■ **TASK DESCRIPTION**: Everything in the listing below from the line containing "Je ne saurais" through the line containing "청년 창업을 위한 정부" must be repeated exactly; the remaining lines are not wanted.

■ **DATA SECTION**:
· · · · · · ·

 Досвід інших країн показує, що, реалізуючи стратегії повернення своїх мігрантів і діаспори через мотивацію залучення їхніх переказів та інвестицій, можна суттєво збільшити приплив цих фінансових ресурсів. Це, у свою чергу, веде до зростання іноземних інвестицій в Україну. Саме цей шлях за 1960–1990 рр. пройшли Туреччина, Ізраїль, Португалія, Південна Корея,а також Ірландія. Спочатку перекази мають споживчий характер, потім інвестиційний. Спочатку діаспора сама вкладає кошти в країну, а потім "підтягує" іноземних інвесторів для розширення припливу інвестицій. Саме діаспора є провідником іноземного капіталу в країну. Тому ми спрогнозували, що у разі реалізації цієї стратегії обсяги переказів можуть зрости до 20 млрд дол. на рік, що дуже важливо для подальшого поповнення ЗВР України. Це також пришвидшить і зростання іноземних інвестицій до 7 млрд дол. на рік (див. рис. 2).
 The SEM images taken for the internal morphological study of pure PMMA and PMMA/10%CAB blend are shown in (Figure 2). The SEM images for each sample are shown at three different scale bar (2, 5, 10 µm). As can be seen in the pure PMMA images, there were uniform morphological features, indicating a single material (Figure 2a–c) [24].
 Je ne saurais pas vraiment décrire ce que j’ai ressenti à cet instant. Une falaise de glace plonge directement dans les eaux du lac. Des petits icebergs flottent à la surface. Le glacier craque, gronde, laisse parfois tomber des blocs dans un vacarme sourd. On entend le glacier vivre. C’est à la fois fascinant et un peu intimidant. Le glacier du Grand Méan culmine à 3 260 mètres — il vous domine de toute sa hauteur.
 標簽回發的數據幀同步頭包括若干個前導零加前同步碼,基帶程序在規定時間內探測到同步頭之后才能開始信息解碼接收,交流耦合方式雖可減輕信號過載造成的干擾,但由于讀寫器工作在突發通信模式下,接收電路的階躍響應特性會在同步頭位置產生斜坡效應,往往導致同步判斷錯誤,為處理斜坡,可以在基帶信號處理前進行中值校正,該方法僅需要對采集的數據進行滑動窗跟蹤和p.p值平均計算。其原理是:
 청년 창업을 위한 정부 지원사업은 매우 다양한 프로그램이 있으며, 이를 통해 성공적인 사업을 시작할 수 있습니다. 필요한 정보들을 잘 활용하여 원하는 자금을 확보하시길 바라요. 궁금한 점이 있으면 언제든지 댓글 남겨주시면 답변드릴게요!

· · · · · · ·

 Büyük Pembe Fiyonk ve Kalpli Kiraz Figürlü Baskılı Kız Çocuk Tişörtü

· · · · · · ·

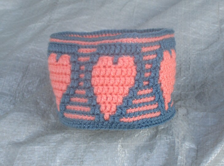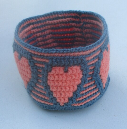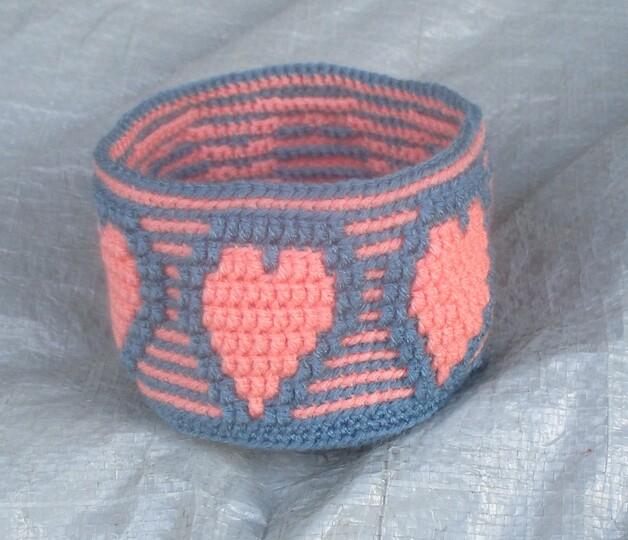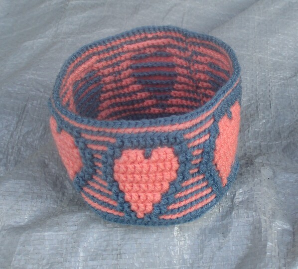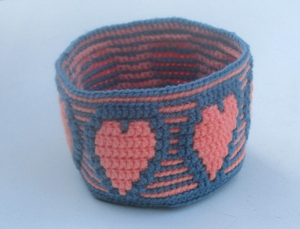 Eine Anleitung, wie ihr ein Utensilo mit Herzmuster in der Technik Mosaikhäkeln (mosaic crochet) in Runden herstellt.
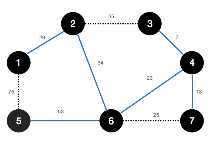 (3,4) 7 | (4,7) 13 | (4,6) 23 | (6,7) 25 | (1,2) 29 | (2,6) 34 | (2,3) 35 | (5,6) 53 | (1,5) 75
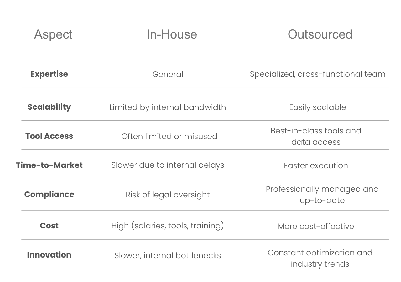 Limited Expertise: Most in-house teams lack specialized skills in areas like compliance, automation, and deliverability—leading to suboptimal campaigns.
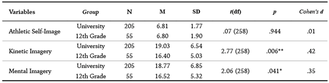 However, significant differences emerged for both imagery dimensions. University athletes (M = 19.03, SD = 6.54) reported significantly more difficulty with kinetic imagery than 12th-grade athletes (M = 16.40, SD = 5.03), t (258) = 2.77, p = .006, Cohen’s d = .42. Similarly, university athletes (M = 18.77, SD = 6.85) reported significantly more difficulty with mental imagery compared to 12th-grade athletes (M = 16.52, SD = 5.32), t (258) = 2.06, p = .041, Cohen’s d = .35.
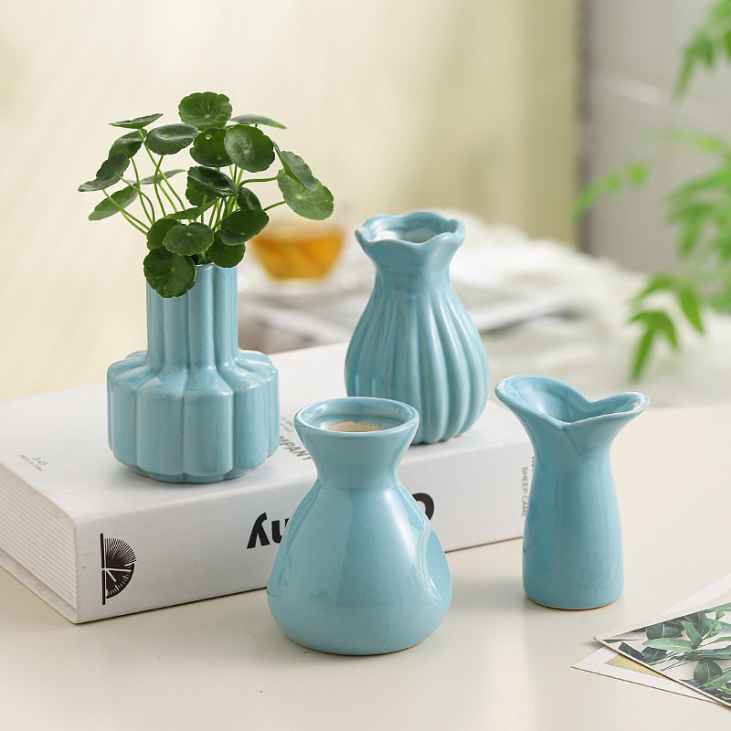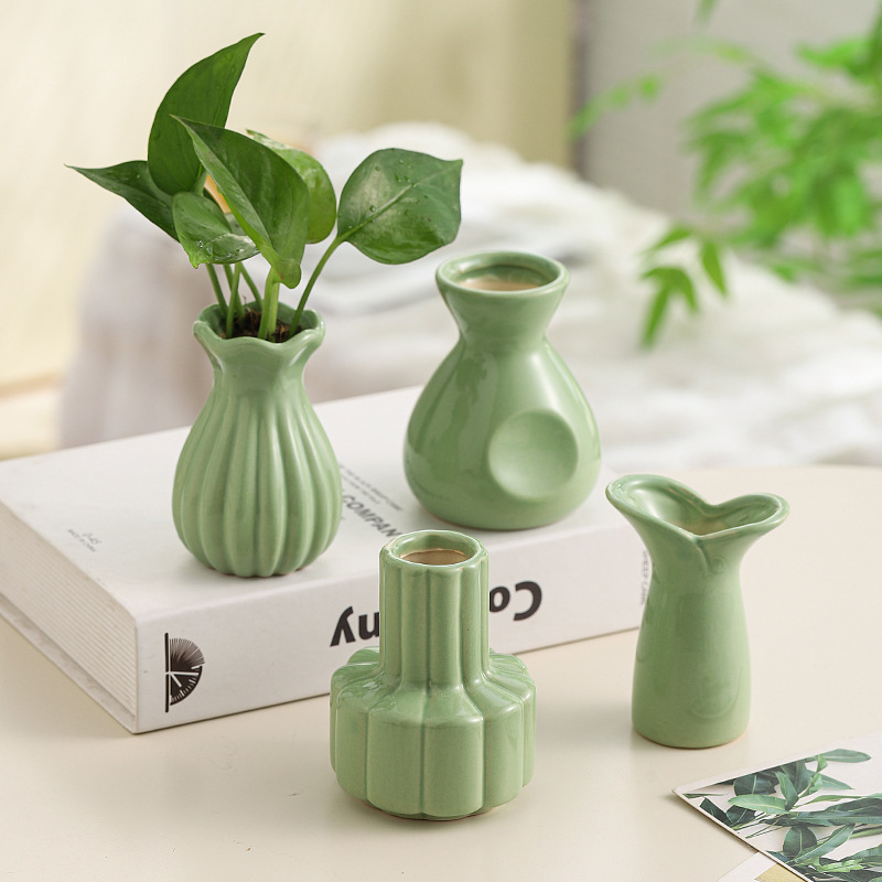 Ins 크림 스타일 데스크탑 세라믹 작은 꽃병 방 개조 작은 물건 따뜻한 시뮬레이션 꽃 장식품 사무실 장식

· · · · · · ·

■ **WRITTEN RESPONSE**:
 Je ne saurais pas vraiment décrire ce que j’ai ressenti à cet instant. Une falaise de glace plonge directement dans les eaux du lac. Des petits icebergs flottent à la surface. Le glacier craque, gronde, laisse parfois tomber des blocs dans un vacarme sourd. On entend le glacier vivre. C’est à la fois fascinant et un peu intimidant. Le glacier du Grand Méan culmine à 3 260 mètres — il vous domine de toute sa hauteur.
 標簽回發的數據幀同步頭包括若干個前導零加前同步碼,基帶程序在規定時間內探測到同步頭之后才能開始信息解碼接收,交流耦合方式雖可減輕信號過載造成的干擾,但由于讀寫器工作在突發通信模式下,接收電路的階躍響應特性會在同步頭位置產生斜坡效應,往往導致同步判斷錯誤,為處理斜坡,可以在基帶信號處理前進行中值校正,該方法僅需要對采集的數據進行滑動窗跟蹤和p.p值平均計算。其原理是:
 청년 창업을 위한 정부 지원사업은 매우 다양한 프로그램이 있으며, 이를 통해 성공적인 사업을 시작할 수 있습니다. 필요한 정보들을 잘 활용하여 원하는 자금을 확보하시길 바라요. 궁금한 점이 있으면 언제든지 댓글 남겨주시면 답변드릴게요!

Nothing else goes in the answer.